Он повернулся ко мне и улыбнулся:
– Привет, Валерия.
Он был по уши в «работе», и, судя по всему, собирался освободиться еще не скоро.
– Как я понимаю, ты занят, – констатировала я очевидное.
Он осмотрел себя:
– Вероятно, да. Как спалось?
Почему всех так интересует этот вопрос? Почему не спросят, как дела, или как настроение?
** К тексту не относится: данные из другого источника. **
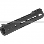 Прочное и стильное алюминиевое цевье для страйкбольного оружия М4-серии и другие модели, построенные на базе этой платформы. Тип цевья – free-float. Основной интерфейс – M-LOK, но сверху есть две секции к 20 мм рельсой (RIS). Слева и справа на корпусе цевья есть гнезда под QD-антабку.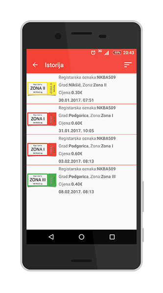 Aplikacija nudi pregled plaćenih karata za parkiranje za sve registarske oznake. Korisniku je ostavljena mogućnost jednostavne pretrage/filtriranja istorije plaćanja, kako bi lakše pronašao kartu koja mu je potrebna. Jedan upis sadrži kartu, registarsku oznaku, mjesto, datum i vrijeme kada je ona plaćena.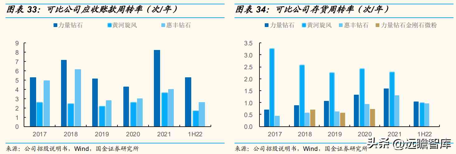 对比同业,公司应收账款周转率低于力量钻石,与黄河旋风相近;公司存货周转率低于同业可比公司平均水平,主要系各公司业务结构及存货构成不同,但公司存货周转率与力量钻石金刚石微粉周转率差异不大。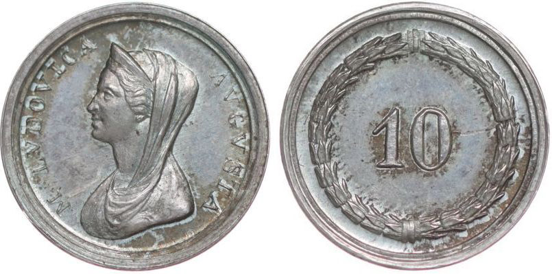 AR žeton b.l., poprsí zleva, opis / "10" ve věnci, Ag 12 mm, 1,25 g _RR!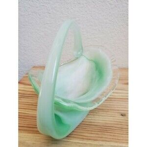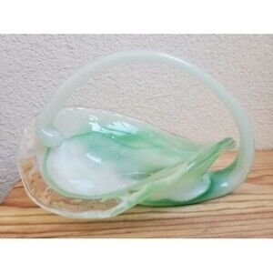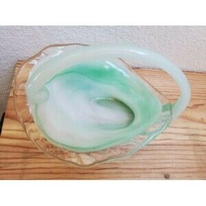 VTG Sooner Student Art Glass Bowl Basket Centerpiece Hand Blown White Green 9"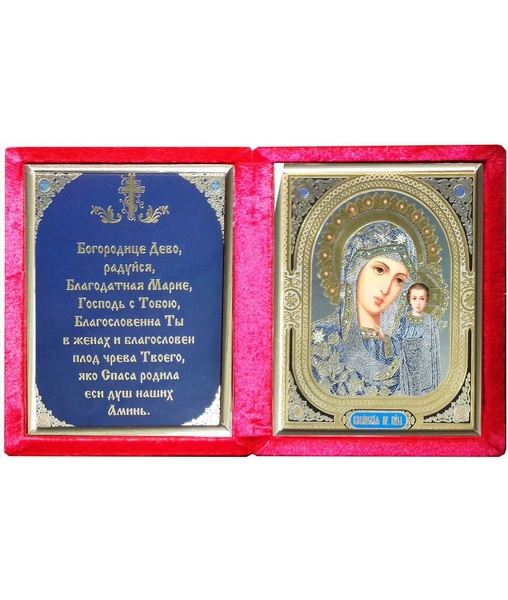Бархатный складень с молитвой, вынимающийся лик 10х12 Софрино узор Б-22-М-2-К вынимающийся с молдингом, замочком и вышитым крестиком по средине, 26х15х3 см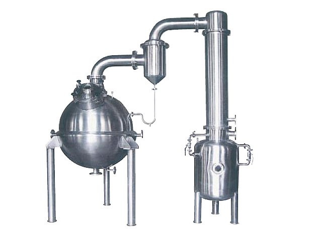 球形浓缩罐主要由浓缩罐主体、汽液分离器、冷凝器、受液桶四个部分组成,可用于制药、食品、化工等行业对液料的浓缩、蒸馏、回收有机溶媒等工艺,由于采用减压浓缩,故而浓缩时间短,对热敏性物料不会破坏其有效成份,本设备与物料接触部分均为OCr18Ni9不锈钢,具有良好的耐腐蚀性能,经久耐用,符合药品卫生要求。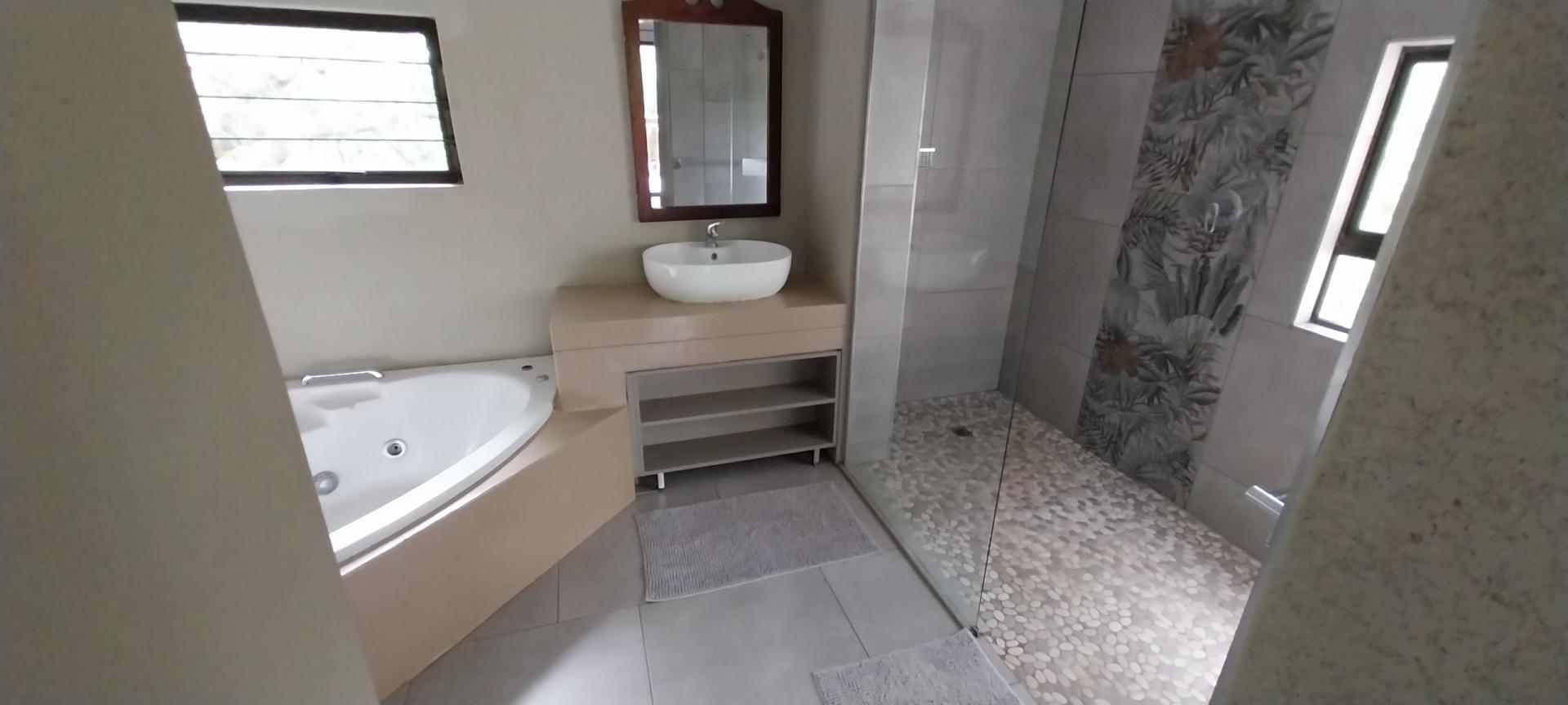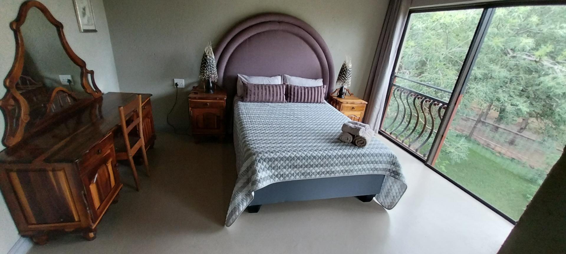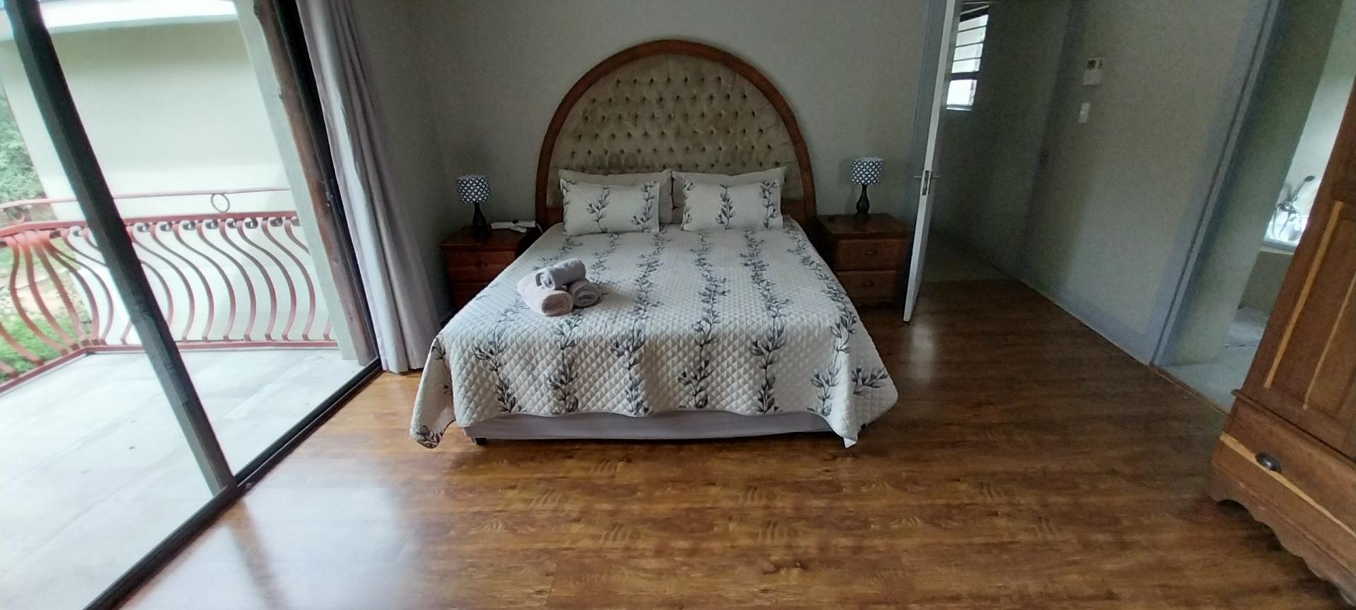 Ascend the top floor, where a spacious open area awaits. Whether you need a study, office or another sitting area or bedroom as it is now. this versatile space offers endless possibilities. The main En-suite is a true sanctuary, with a spa-like bathroom that is nothing short of exquisite. You'll also find a third En-suite bedroom here. All with built-in cupboards , air conditioning and balconies overlooking the bush, for your comfort.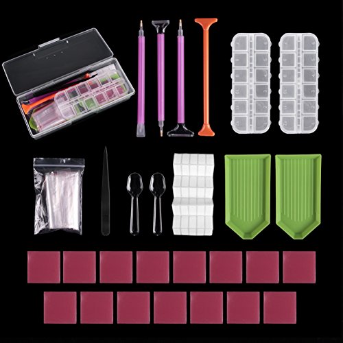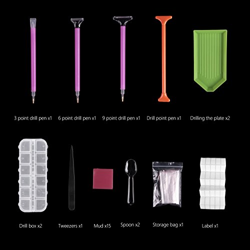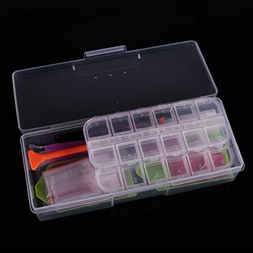 - Package Includes: Transparent plastic storage box*1pcs,transparent 12 compartments plastic box*2pcs,plastic plates*2pcs,diamond sticky pen*4pcs,clay*15 pcs,tweezers*1pcs,Transparent plastic spoon*2pcs,label*1pcs,Transparent bags*20pcs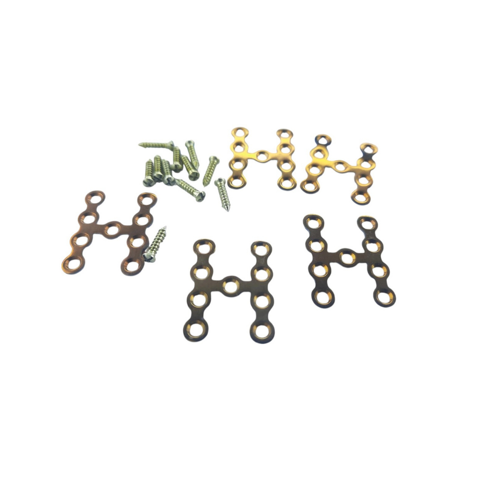 Mini H plates designed for maxillofacial and craniofacial fracture fixation.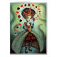 La reine foncée des coeurs peignant Alice dans la copie d'art d'imaginaire du pays des merveilles est interprétation lunatique d'un conte de fées aimé de livre d'enfants. C'est une histoire d'une petite fille qui a décidé de s'habiller en tant que reine des coeurs. Elle tient un scepter anatomique de coeur pendant que les coeurs et les pelles volent hors de lui. L'arrière - plan contient des remous de vert et de turquoise.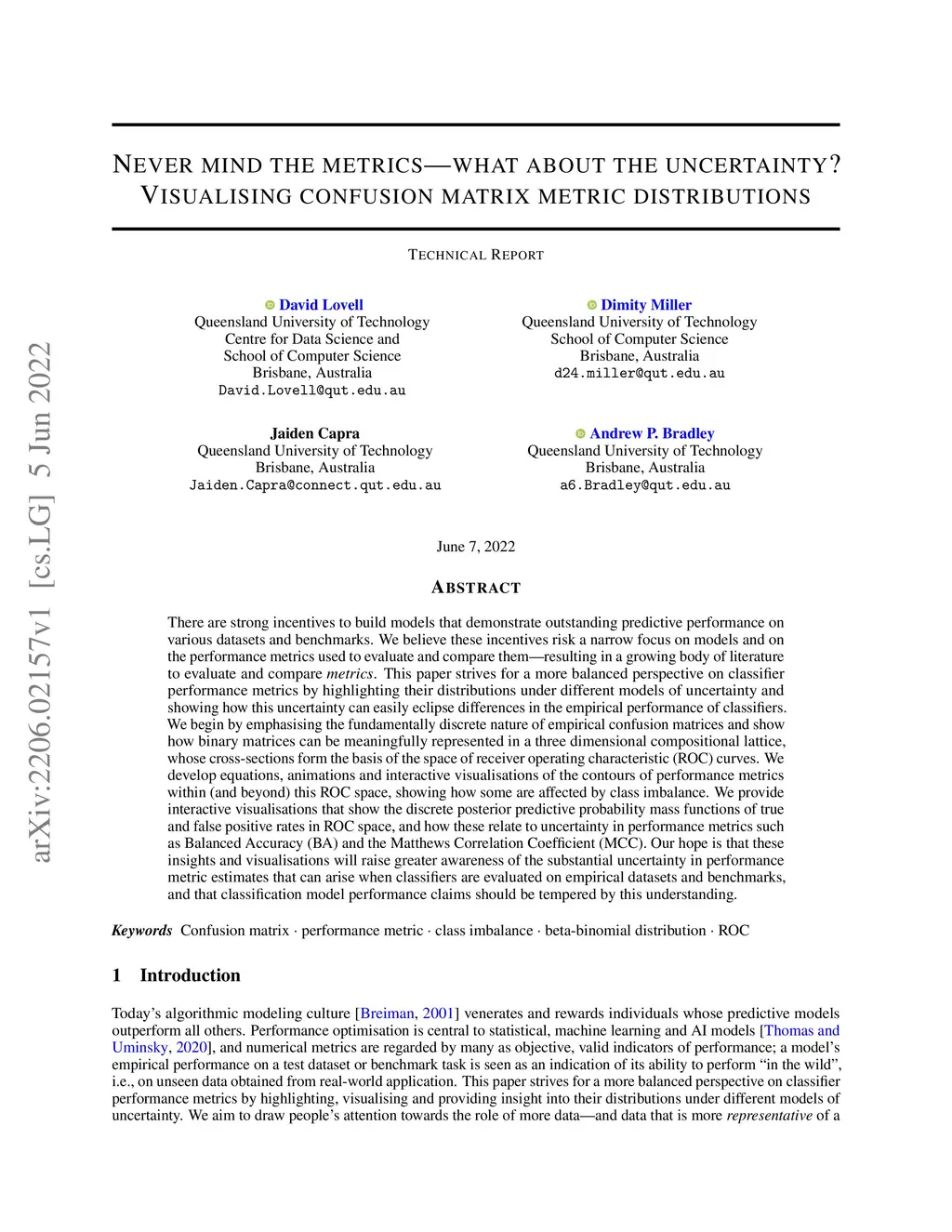 There are strong incentives to build models that demonstrate outstanding predictive performance on various datasets and benchmarks. We believe these incentives risk a narrow focus on models and on the performance metrics used to evaluate and compare them -- resulting in a growing body of literature to evaluate and compare metrics. This paper strives for a more balanced perspective on classifier performance metrics by highlighting their distributions under different models of uncertainty and showing how this uncertainty can easily eclipse differences in the empirical performance of classifiers. We begin by emphasising the fundamentally discrete nature of empirical confusion matrices and show how binary matrices can be meaningfully represented in a three dimensional compositional lattice, whose cross-sections form the basis of the space of receiver operating characteristic (ROC) curves. We develop equations, animations and interactive visualisations of the contours of performance metrics within (and beyond) this ROC space, showing how some are affected by class imbalance. We provide interactive visualisations that show the discrete posterior predictive probability mass functions of true and false positive rates in ROC space, and how these relate to uncertainty in performance metrics such as Balanced Accuracy (BA) and the Matthews Correlation Coefficient (MCC). Our hope is that these insights and visualisations will raise greater awareness of the substantial uncertainty in performance metric estimates that can arise when classifiers are evaluated on empirical datasets and benchmarks, and that classification model performance claims should be tempered by this understanding.

– Хорошо. Я думала, ты отведешь меня посмотреть на кристаллы.
– Пока не могу. Попроси Влада, он вроде бы был не сильно занят.
Почему обязательно Влад? Здесь что, никто больше, кроме него, не знает, где их найти?
– Не хотелось бы его отвлекать от ничегонеделания. А я могу сходить сама?
Косой посмотрел на меня и в его глазах мелькнул крошечный хитрый прищур, но он сделал вид, будто я говорю нормальные, осмысленные вещи:
– Нет, Валерия, одной тебе нельзя. Ты ничего не знаешь о них, и неосторожность может стоить тебе жизни. Это не палец порезать, тут всё немного сложнее.
– Ладно, заинтриговал. Я подожду, пока ты освободишься.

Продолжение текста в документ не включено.